Please Leave a Message At the Beep…Beep!
Hello…you have reached my motherfucking phone that is fucking missing. Until I find my motherfucking phone or get a fucking replacement you will have to reach me at my spoiled son’s cell phone. Please try to wish the fucking phone back to me because I don’t want to pay the motherfucking deductible and I’m tired of hearing my son whine about when will he get his damned phone back. Don’t bother leaving a fucking message…
This is The Boy and you have reached my cell phone for emergency use only. If you are trying to reach my mom you can call her on her cell phone again…all the wishing brought it back to her. Thank goodness. Her phone number is XXX-XXX-XXXX. If you are calling me…I’m probably in school…duh…and can’t answer the phone. If this is M——- B. or M—–, can you call me right back?

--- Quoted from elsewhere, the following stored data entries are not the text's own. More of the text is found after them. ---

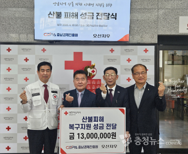[충청뉴스 박영환 기자] 충남경제진흥원(이하 진흥원) CEO 모임인 오신지우(五信知友)는 영남지역 산불피해 이재민을 위한 성금 1,026만원을 기부했다고 밝혔다.
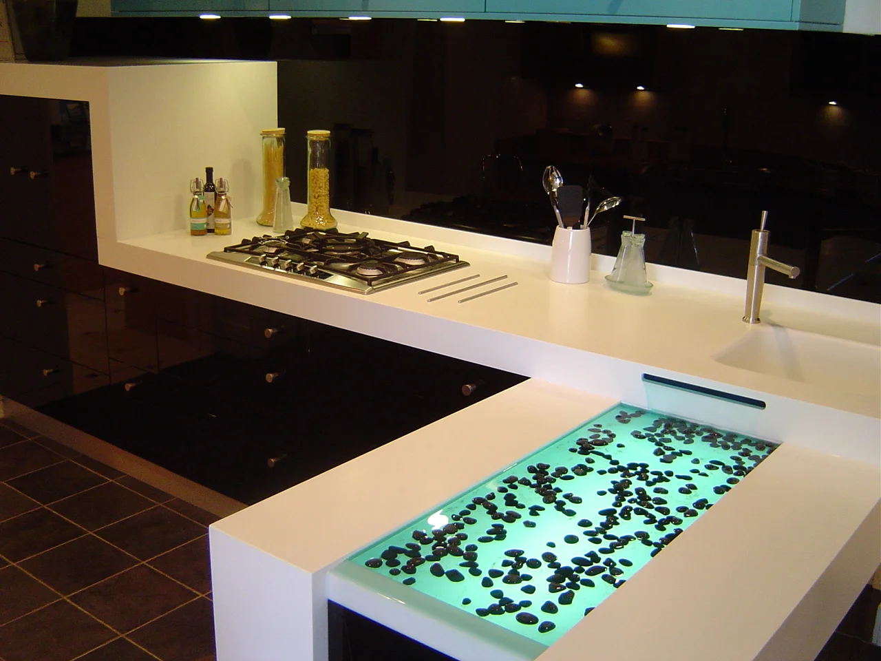 We work with all acrylics out there in the market from Corian to Staron to Hi Mac to Tristone to MiroStone to Valstone.
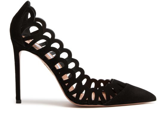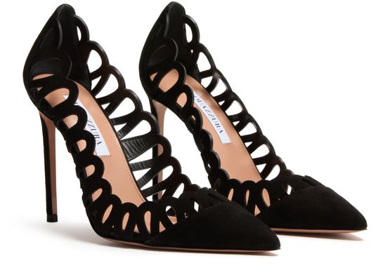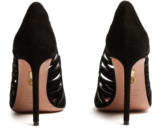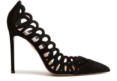 Reveal Aquazzura's Peep pumps 105 in a stunning suede construction. These high heel stiletto pumps feature a closed pointed toe for a sleek silhouette. Graphic cut-outs and a printed logo add an edgy touch, combining sophistication with modern elegance.
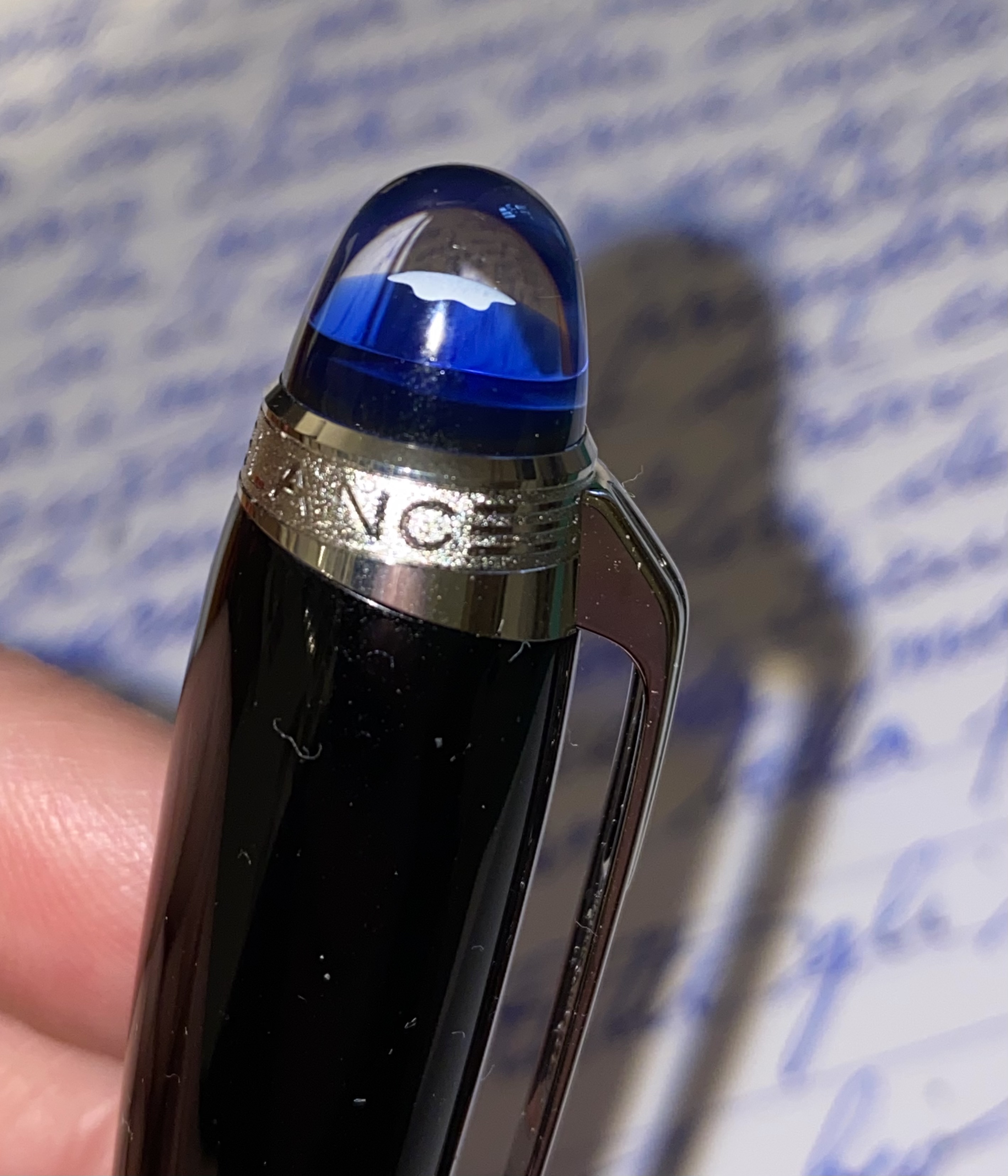 La prima carica è stata di Montblanc nero nella cartuccia in dotazione ma non è scoccata la scintilla. La seconda carica è stata di Robert Oster Graphite per tentare di snellirne il tratto e andava anche bene però il colore dell’inchiostro faceva a pugni con la penna secondo me. La terza carica sembra quella giusta... il Private Reserve Electric Blue si intona perfettamente alla cupoletta azzurra alla sommità del cappuccio. :wave:
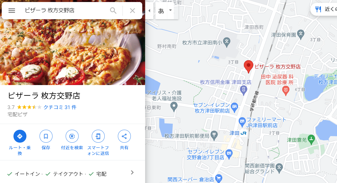 どっちなの~!と疑問に思ってしまう支店名ですが、津田駅周辺には「津田店」や「枚方津田店」や「倉治店」という支店名がほとんどで、交野と枚方が両方入っている支店名はピザーラ枚方交野店だけでした。
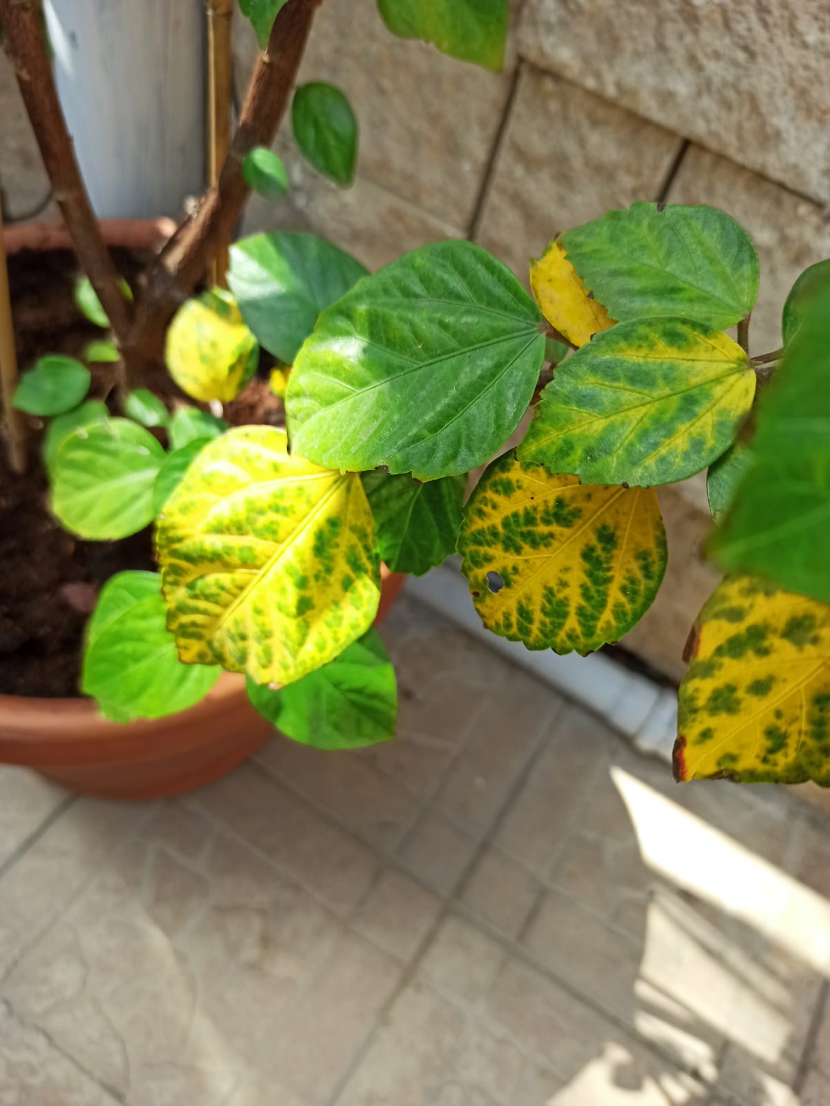 לאחרונה החלו עלי ההיביסקוס ששתול במיכל גדול להצהיב.
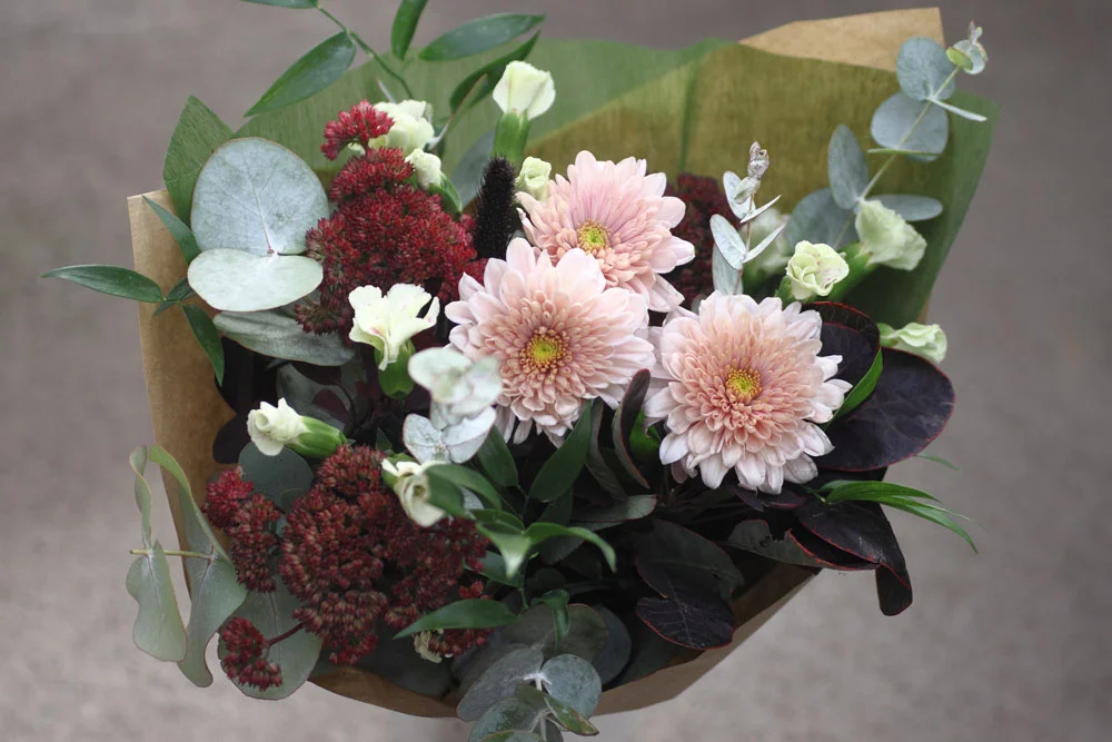 Buketten innehåller: krysantem ,kvistnejlika, eukalyptus, sedum

Hello…my cell phone is back safely in my possession. All the wishing it back to me must have worked. I can’t come to the phone right now because I am currently enjoying some quality time with my phone…probably watching Alexander Graham Bell & The Astonishing Telephone on The History Channel. Please leave a message and I will get back to you as soon as I can…Oh, and M——- B and M—–, please don’t call my son’s phone looking for me until after I remove the pictures of our cleavage that show up when you call that are still on the phone from when it was mine!

That is TOTALLY why I didn’t call his phone to hear the message when you told me too. I want the all clear that I’m not exposing myself to your son.(Anymore than he’s already seen while I’ve fed my son…)
Comment by Michelle — August 6, 2008 @ 5:51 am
Hey now! I made sure I had the phone when I told you to call and listen to the phone message! Geez…you make it sound like I was pimping for my kid! Oh, and the pictures are removed now…
Comment by iwanna — August 6, 2008 @ 1:41 pm
I’m still cracking up over his message!